El cóndor de fuegopágina 1 / 7
En aquellos tiempos, trabajaba en los valles fértiles de Pozo Amarillo, junto a la enorme mole de piedra que se alarga desde Tierra del Fuego hasta América Central, un hombrecillo anciano ya, pero no por eso menos activo que los jóvenes de ágiles brazos.
Este hombre se llamaba Inocencio y era descendiente de uno de los bravos españoles que llegaron a estas tierras en la expedición de Francisco Pizarro.
Sus hábitos eran sobrios y sosegados y su vida se limitaba a trabajar y a guardar algunos centavos por si la desgracia le pusiera en cama enfermo.
Vecino a Inocencio, vivía otro hombre de nombre Jenaro, cuidador de vacunos y a veces buscador de oro entre los misteriosos valles escondidos en la gran cordillera.

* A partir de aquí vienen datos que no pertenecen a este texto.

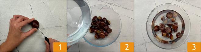 To prepare the chestnuts in the pan, first make a cross-cut on the top of the chestnuts 1. Place them in a bowl, cover them with cold water 2, and let them soak for 15 minutes 3.
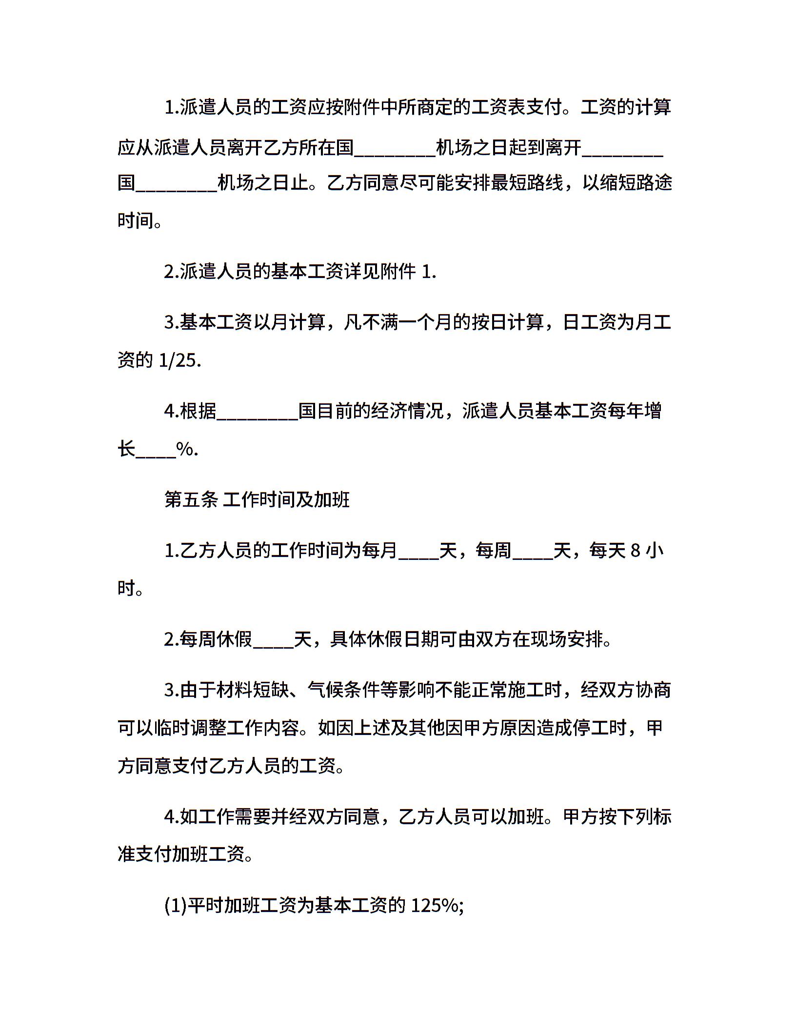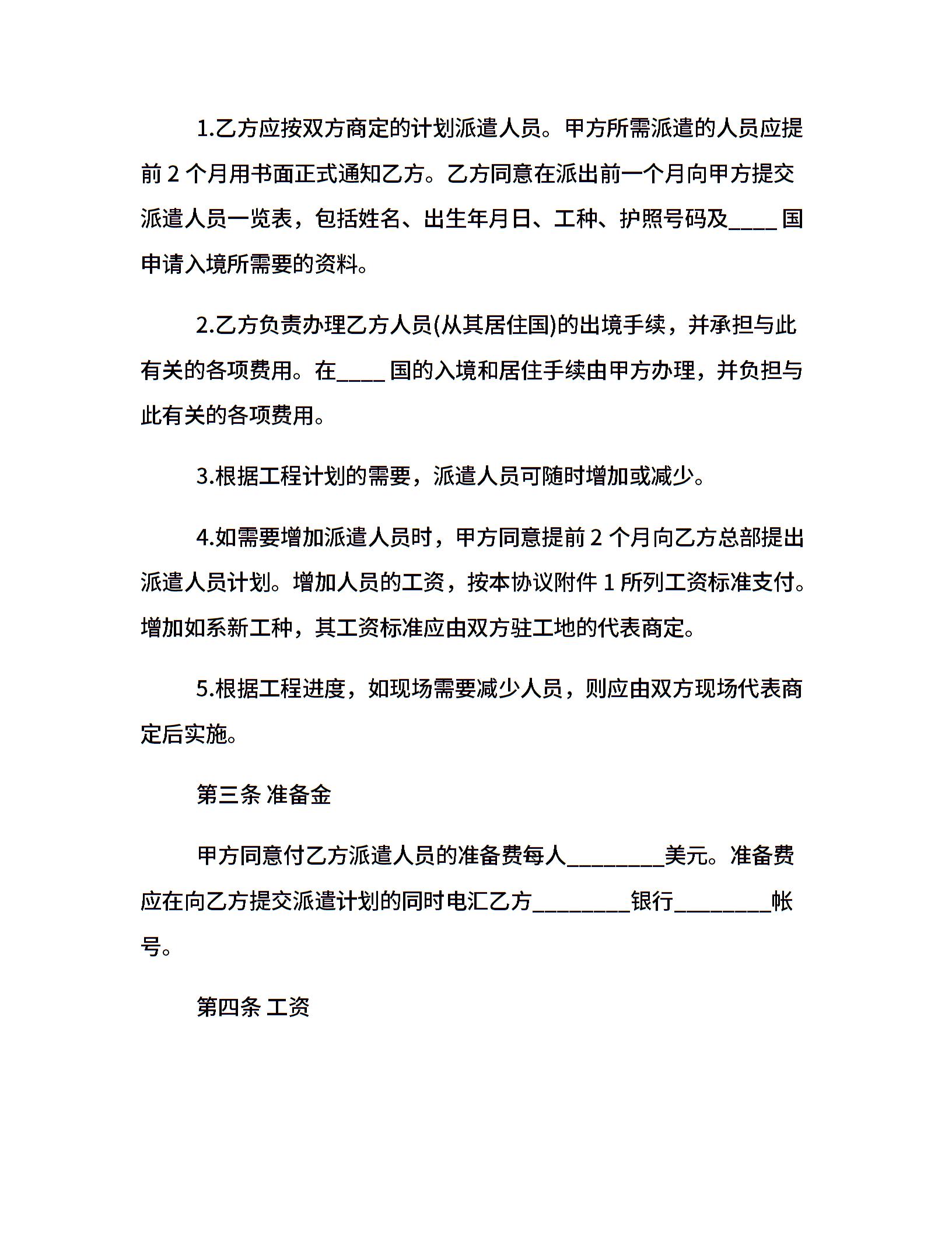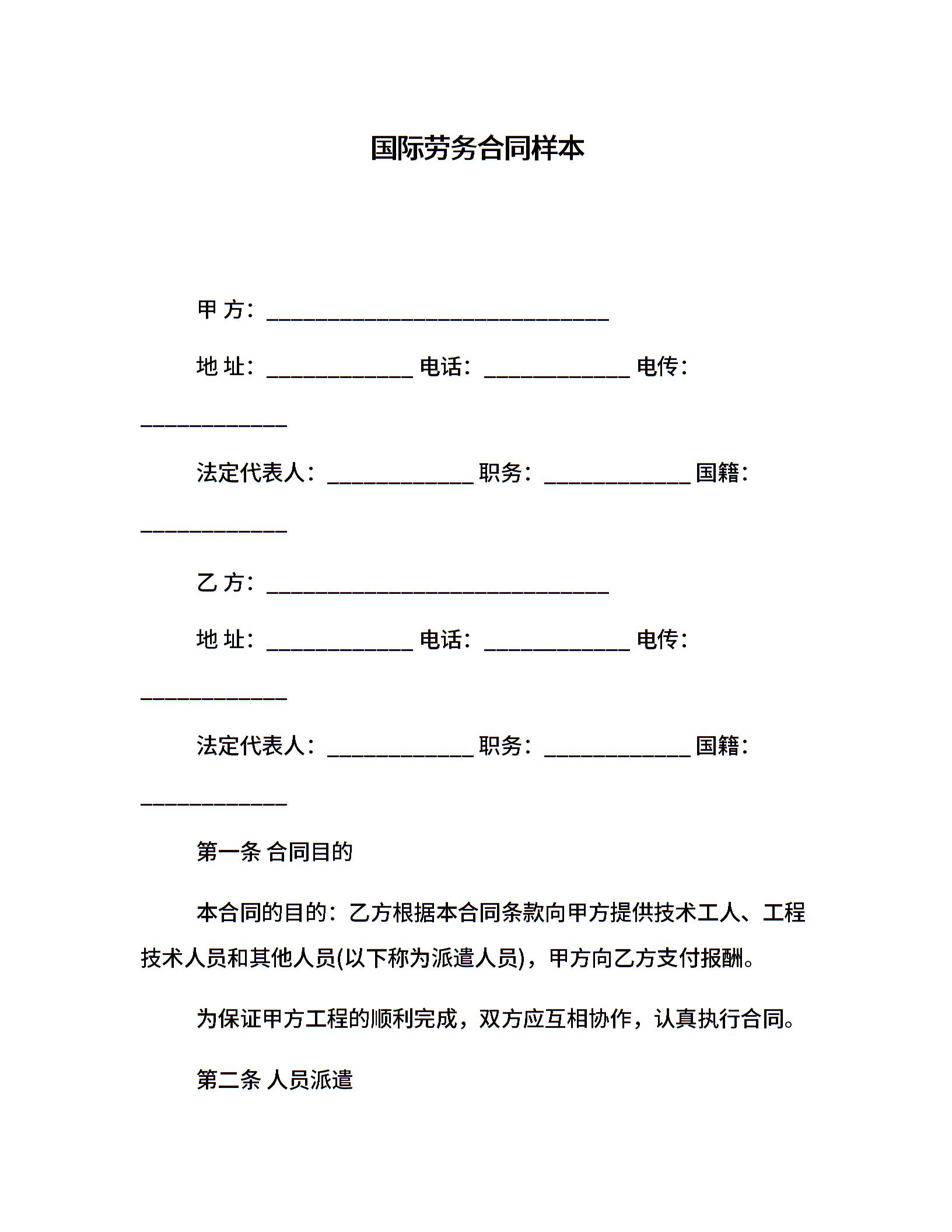 国际劳务合同样本

Jenaro, al contrario de Inocencio, era un hombre ambicioso, que todo lo supeditaba al oro, capaz de cometer un desatino, con tal de conseguir cuantas riquezas pudiera.
Para el bueno de Inocencio, Jenaro era un insensato, pero no llegaba más allá su opinión, porque su alma se rebelaba a creer que existieran perversos en el mundo.
Una tarde que Inocencio volvía de sus trabajos en las cumbres, encontró caída junto a una roca, a una pobre india vieja que se quejaba muy fuerte de terribles dolores.
- Pobre anciana -exclamó nuestro hombre y levantándola del duro suelo, se la llevó a su choza, donde la atendió lo mejor que pudo.
La india se encontraba muy mal por una caída en los cerros y bien pronto, ante la angustia de Inocencio, le comenzaron las primeras convulsiones de la muerte.
Inocencio se afligió mucho por la desgraciada y sólo atinaba a llorar junto a la anciana que parecía sumida en un profundo sopor.
De pronto, los ojos de la india se abrieron y, luego de pasearlos por la choza, se fijaron en Inocencio con marcada gratitud.